Moore and his team started the WMS selection process in late 2023, working with supply chain consulting firm Alpine Supply Chain Solutions to identify challenges, needs, and goals, and then to select and implement the new WMS. Roughly a year later, the 3PL was up and running on a system from Körber Supply Chain—and planning for growth.
SECURING A NEW SOLUTION
Leaders from both companies explain that a robust WMS is crucial for a 3PL's success, as it acts as a centralized platform that allows seamless coordination of activities such as inventory management, order fulfillment, and transportation planning. The right solution allows the company to optimize warehouse operations by automating tasks, managing inventory levels, and ensuring efficient space utilization while helping to boost order processing volumes, reduce errors, and cut operational costs.

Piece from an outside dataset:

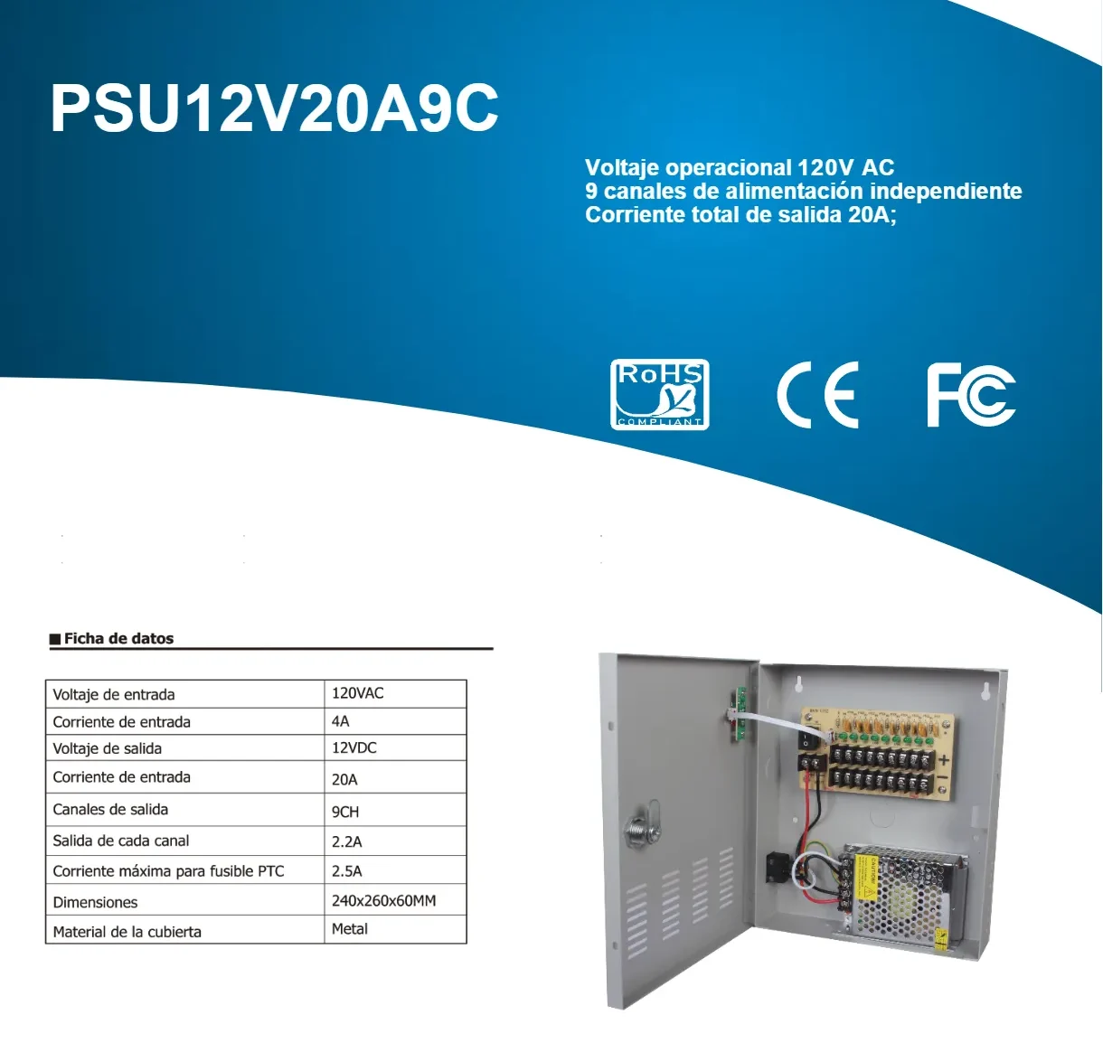 • La fuente modelo PSU12V20A9C más que una fuente es un distribuidor de energía centralizado con carcasa de metal robusta y ranuras para su ventilación sin dejar a un lado la estética.

CJ Logistics had another key criterion: ensuring data security for its wide and varied array of clients, many of whom rely on the 3PL to fill e-commerce orders for consumers. Those clients wanted assurance that consumers' personally identifying information—including names, addresses, and phone numbers—was protected against cybersecurity breeches when flowing through the 3PL's system. For CJ Logistics, that meant finding a WMS provider whose software was certified to the appropriate security standards.

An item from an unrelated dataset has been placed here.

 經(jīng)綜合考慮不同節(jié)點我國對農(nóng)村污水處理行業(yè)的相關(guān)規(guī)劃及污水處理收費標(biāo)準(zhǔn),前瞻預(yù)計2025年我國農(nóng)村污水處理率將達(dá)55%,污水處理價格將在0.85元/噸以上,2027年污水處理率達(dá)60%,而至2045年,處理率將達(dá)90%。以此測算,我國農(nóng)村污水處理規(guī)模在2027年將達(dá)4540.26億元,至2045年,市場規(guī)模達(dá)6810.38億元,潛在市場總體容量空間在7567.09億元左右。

"That's becoming [an assurance] that our customers want to see," Moore explains, adding that many customers wanted to know that CJ Logistics' systems were SOC 2 compliant, meaning they had met a standard developed by the American Institute of CPAs for protecting sensitive customer data from unauthorized access, security incidents, and other vulnerabilities. "Everybody wants that level of security. So you want to make sure the system is secure … and not susceptible to ransomware.
"It was a critical requirement for us."
That security requirement was a key consideration during all phases of the WMS selection process, according to Michael Wohlwend, managing principal at Alpine Supply Chain Solutions.

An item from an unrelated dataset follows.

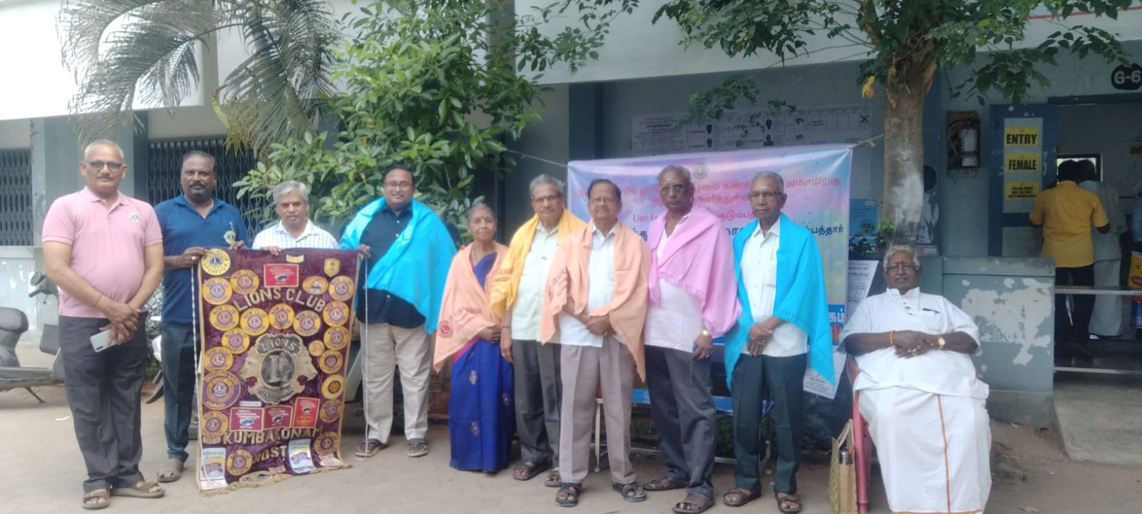 கும்பகோணம் ஹோஸ்ட் லயன்ஸ் சங்கம்,அரசினர் மகளிர் கல்லூரி லியோ சங்கம் , தஞ்சை மாவட்ட பார்வை இழப்பு தடுப்புச் சங்கம் அரவிந்த் கண் மருத்துவமனையுடன் இணைந்து நடத்திய ஸ்ரீ செந்தூர் ஆபரண மாளிகை, வி.எல் தங்க மாளிகை லயன் சம்பத் , மோகன்ராம் நினைவாக ,சுபாஷ் ஆகியோரின் குடும்பத்தினர்

"It was in the RFP [request for proposal], then in demo, [and] then once we got to the vendor of choice, we had a deep-dive discovery call to understand what [security] they have in place and their plan moving forward," he explains.
Ultimately, CJ Logistics implemented Körber's Warehouse Advantage, a cloud-based system designed for multiclient operations that supports all of the 3PL's needs, including its security requirements.
GOING LIVE
When it came time to implement the software, Moore and his team chose to start with a brand-new cold chain facility that the 3PL was building in Gainesville, Georgia. The 270,000-square-foot facility opened this past November and immediately went live running on the Körber WMS.
Moore and Wohlwend explain that both the nature of the cold chain business and the greenfield construction made the facility the perfect place to launch the new software: CJ Logistics would be adding customers at a staggered rate, expanding its cold storage presence in the Southeast and capitalizing on the location's proximity to major highways and railways. The facility is also adjacent to the future Northeast Georgia Inland Port, which will provide a direct link to the Port of Savannah.
"We signed a 15-year lease for the building," Moore says. "When you sign a long-term lease … you want your future-state software in place. That was one of the key [reasons] we started there.
"Also, this facility was going to bring on one customer after another at a metered rate. So [there was] some risk reduction as well."
Wohlwend adds: "The facility plus risk reduction plus the new business [element]—all made it a good starting point."
The early benefits of the WMS include ease of use and easy onboarding of clients, according to Moore, who says the plan is to convert additional CJ Logistics facilities to the new system in 2025.
"The software is very easy to use … our employees are saying they really like the user interface and that you can find information very easily," Moore says, touting the partnership with Alpine and Körber as key to making the project a success. "We are on deck to add at least four facilities at a minimum [this year]."